Companies face an expanding field of employment liability issues that require careful legal consideration, issues ranging from the use of artificial intelligence in screening job applicants to remote employees’ workplace harassment claims to transparency around wages.
Given the abundance of new employment liability issues confronting employers, it’s an understatement to say that 2024 is a dynamic period for in-house counsel and their outside firms.
“These are really active times in the workplace legal landscape,” Sarah Skubas, an attorney and employment law specialist with Jackson Lewis PC in Hartford, Conn., said Wednesday on an employment liability webinar sponsored by Travelers Institute, the insurer’s public policy division.
In April, the Equal Employment Opportunity Commission issued a major update of its enforcement guidance for workplace harassment, its first revisions in a quarter century on unlawful harassment that also outlined new Title VII protections for LGBTQ+ and transgender workers, along with additional protections for pregnancy, childbirth or a related medical issue.
The EEOC guidance also said that remote virtual workers can be subject to workplace harassment, just as those at a physical work site.
Weeks later, 18 states sued to block the guidance arguing that the EEOC exceeded its authority in expanding the Civil Rights Act.

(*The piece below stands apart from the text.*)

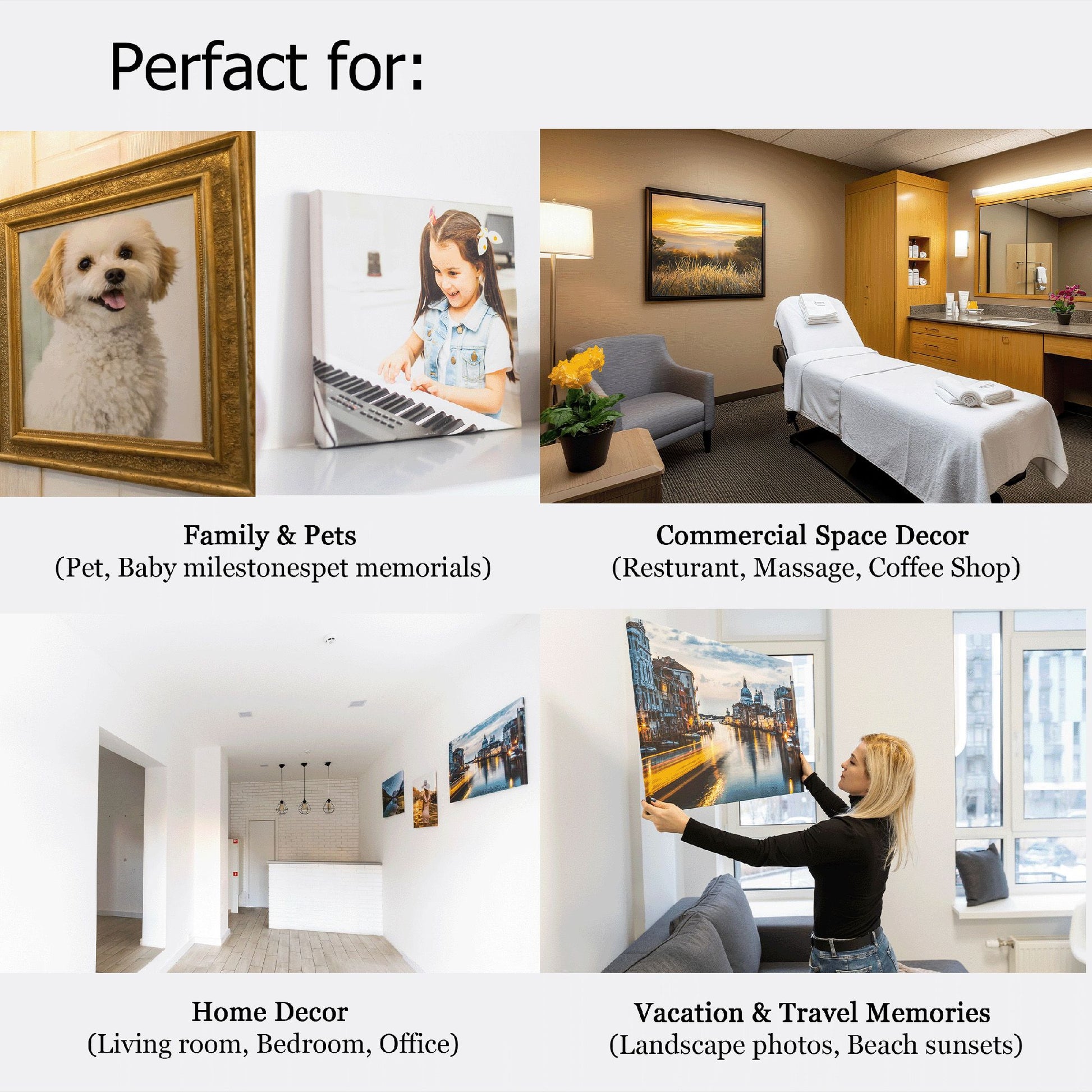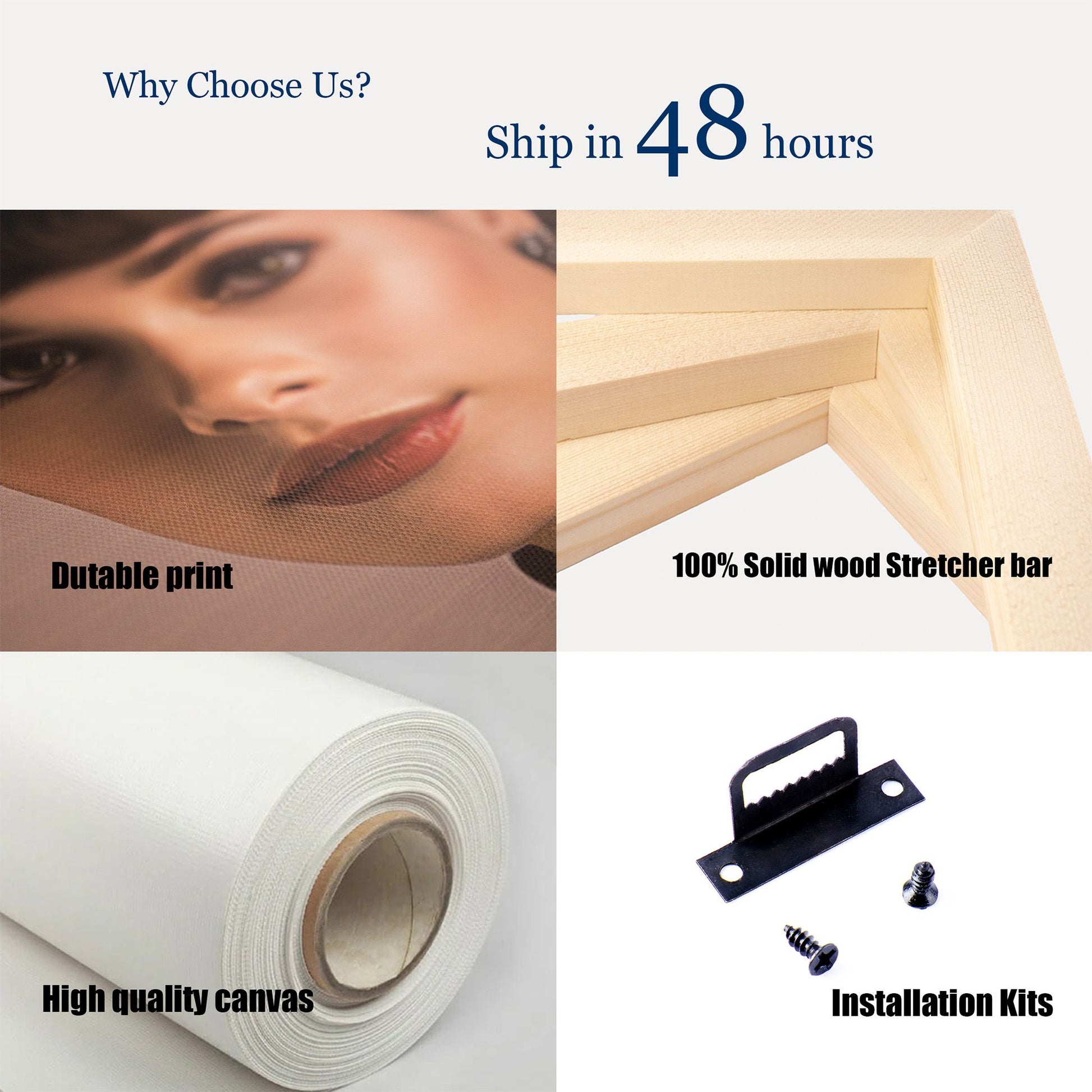 【Product Performance】This product uses high-quality chemical fiber cloth as the base material, with multiple waterproof coatings applied to the surface to achieve a high-gloss effect. The canvas surface has a natural luster and fine, clear texture. It supports high-definition printing with vibrant, full colors and strong image expression. The material is flexible, with excellent tensile strength, resistant to breaking and cracking, and the overall finish is flat and smooth.The canvas is mounted using sturdy and durable pine wood inner frame bars, providing a stable structure that resists deformation. The outer frame uses high-quality PS (Polystyrene) frame bars, which are lightweight, moisture-proof, durable, and fade-resistant. The overall appearance is simple and generous, adapting to a variety of home decor styles.The back of the artwork is equipped with a complete hardware hanging system, including hooks and matching screws, for easy installation and secure hanging, meeting the needs of different wall types and suspension requirements

Beyond the federal level, state legislators have been active with new employment laws to address issues such as age discrimination, pay inequities, freelance workers, and wage discrimination based upon gender.
More than 80,000 employment discrimination charges were filed last year, said Chris Williams, Travelers’ employment practices liability product manager. He and Skubas presented jointly at the session.
Meanwhile, the Supreme Court’s landmark decision in Loper Bright – which ended federal courts’ deference to executive branch agencies’ rule interpretations – has opened new litigation as employers challenge multiple agency rules, Skubas said.
She cited the Family and Medical Leave Act, the Pregnant Workers Fairness Act and the Labor Department’s ESG Rule as three of several rules plaintiffs have challenged since the demise of Chevron deference.
One example of the shifting legal landscape is how artificial intelligence can create new liability, if not governed carefully. New York has enacted a law requiring employers to disclose if they use AI to screen job applications, and other states are likely to adopt similar laws, Williams said.
The widespread use of remote and hybrid work situations has also created new challenges for employers. Some workers who are required to be in a workplace full-time may perceive discrimination relative to their peers who are allowed hybrid work schemes, he noted.
“The claims have definitely gone up as people have returned to the office,” Williams said.
Beyond that, a fraught presidential election in November has injected politics into many workplaces this year, which potentially leads to employer liability issues, the panel noted. The best advice for managers hoping to minimize the political chatter in their workplaces?
“My advice to employers is do not issue any blanket policies prohibiting this type of speech,” Skubas said, noting that many states have laws addressing political speech at work. Companies should seek legal advice about the manager and “frontline managers need training on how to deal with this” to avoid outcomes that could escalate into harassing behavior.
Another tip: Annual reviews of workplace harassment policies and training programs to ensure they’re current. When in doubt, the in-house legal department or outside counsel is a vital resource.
“It’s really complicated and employers get overwhelmed,” Skubas said of the various state and federal laws, urging companies to seek legal advice when confronting a complex employment situation. “I would much rather spend 30 minutes on a call with a client than two years litigating with them.”